Arthur glowered darkly. "Fine."

xXx

Hi~! hehe I put this down thinking i wouldn't touch it again but it was teasing me, so, I had to come back...Just under a new name and a little more thought out than before.

Your thoughts would be much appreciated.


	2. Chapter 2

Arthur never did like the rain.

It flood the streets, swamped the yards, made treacherous whirlpools along the drain lines and drenched him through his coat. He liked to be clean and rather disliked dirt. Alfred had always been on the other side of the coin when they where since grade schools he was always covered from head to toe in mud, grass,water, juice, soda, glue, what he hoped was mud, and paints of various colors. He could even recall the first time he met Alfred in the principals office, he was their because he bit his older brother on the arm after he was teased about keeping unicorn stickers in his folder. Alfred came in after him covered with paints and grass stains, his hands had been blue, his face white, and the tips of his fingers and shirt splotched with ruby red that made him look like he was bleeding. According to the story Arthur was told he tried to paint the american flag on a table top because it was to awesome for only one piece of paper. That was kindergarten, long story short they didn't get along well cramped up in that little room.

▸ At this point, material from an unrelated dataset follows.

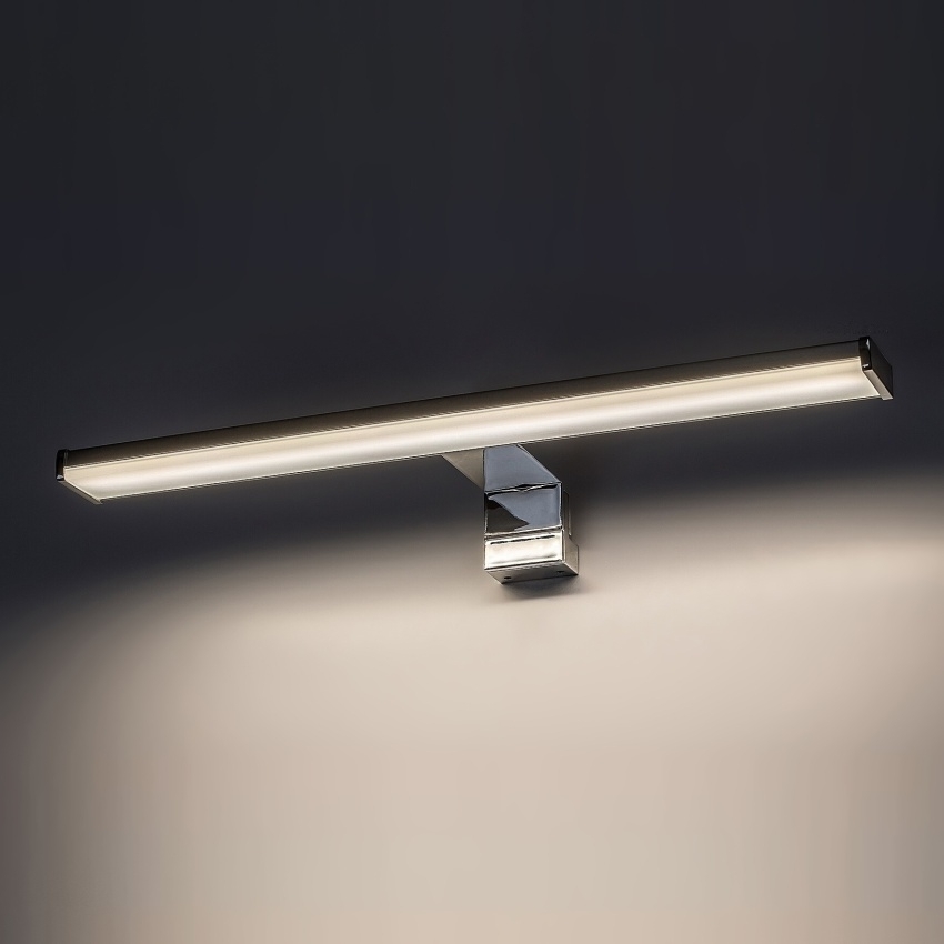 Koupelnové nástěnné svítidlo Levon s moderním designem a chromovou barvou může být elegantním doplňkem téměř každé koupelny. Zvláštností našeho svítidla Levon je, že jej lze namontovat nejen na stěnu, ale i na koupelnový nábytek nebo dokonce na zrcadlo nad umyvadlem, čímž osvětlí místnost přirozeným bílým světlem. Nástěnné svítidlo je vybaveno vestavěným světelným zdrojem LED. Výkon světelného zdroje je 8 W, jeho svítivost je 560 lumenů a teplota jeho barvy je 4 000 K. Lampa má mimořádně dlouhou životnost kolem 30 000 hodin. Plastový model má krytí IP44, což zajišťuje jeho ochranu před pronikáním předmětů s maximálním průměrem 1 mm, jakož i proti stříkající vodě z jakéhokoliv úhlu. Svítidlo Levon má následující rozměry: délka 400 mm, výška 52,5 mm, vzdálenost od stěny 125 mm. Koupelnové svítidlo Levon přichází s 5-letou zárukou.
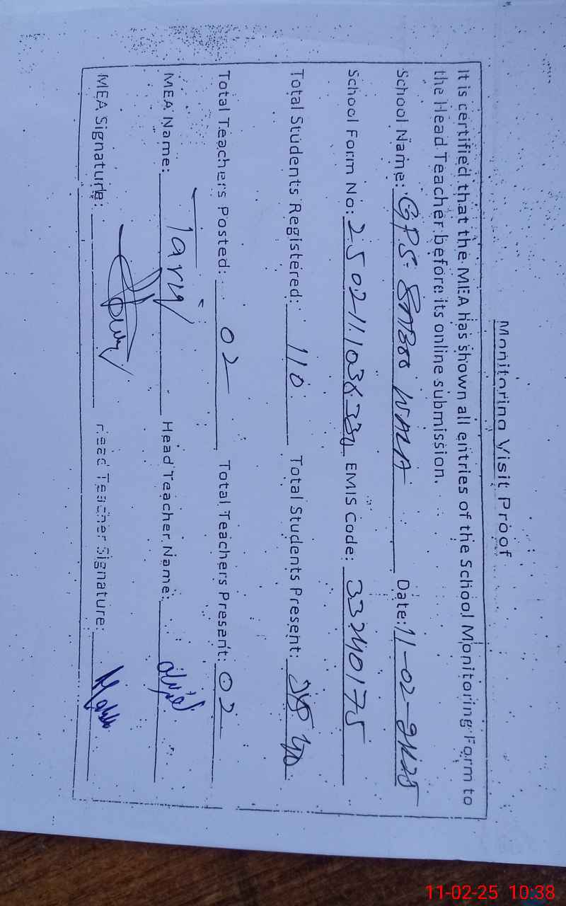 | EMIS Code: 33240175 | Name of School: GPS SABOO WALA | |||

Likewise he didn't care if rained, snowed, or hailed, He didn't care if the wind sent blisters in to his bones; sure enough if a tornado ripped through town he would have dragged Arthur through to see it in action and probably would have killed them both in the process. Speaking of dragging...

"I can walk on my own Alfred!" Arthur protested for the ninth time, digging his heel in the sidewalk and pulling back his arm in sharp little thrusts, yanks, and pulls; movement that barely even jostled Alfred's arm.

"Yeah, Yeah, I hear ya but your too slow." Alfred trucked on with Arthur as the breaks. Little changed from way back when they where the same height. Yes, even back then Alfred dragged in though good weather, bad weather and everything in between.

"Am not!" He argued, wringing his own wrist between Alfred's fingers, fleshing pinking under his grip. but no matter how he twisted the angle wan't right for his to slip through.

"Yes you are and where already here anyways!" They where parked exactly in front of Alfred's house actually, Arthur hadn't realized it either until that moment and as always Alfred's house lived up to it name.

Alfred's house was also called more than just 'Alfred's house' or 'Stephanie's house' it was named 'Nine House' unofficially by every body in town. It was old and rickety the world's oldest church, made of wood and brick and sometime he swore it groaned like a man in pain of collapsing. It was so bad Alfred's mom Stephanie was constantly reassuring Arthur's own mother that Nine House was perfectly safe and hazard free. Of course, that was believable coming from her mouth that is, she was raised in that house, her mother was raised in there and her mother before her, hell, Alfred was born in the upstairs bathtub for crying out loud! Still running around the same floor boards that his mother, grandmother, and great-grandmother did when they where young and new. Nine house was consider haunted for every one of their generations and beyond. What exactly happened there Arthur didn't know. Sometime he though nobody knew but the chills it gave off looming with thick, gray storm clouds over the roof top and groaning pillars whispered evil things to him. Alfred could care less and thought it as the only home he'd ever known. That plus Arthur knew that Alfred was proud of it, somehow.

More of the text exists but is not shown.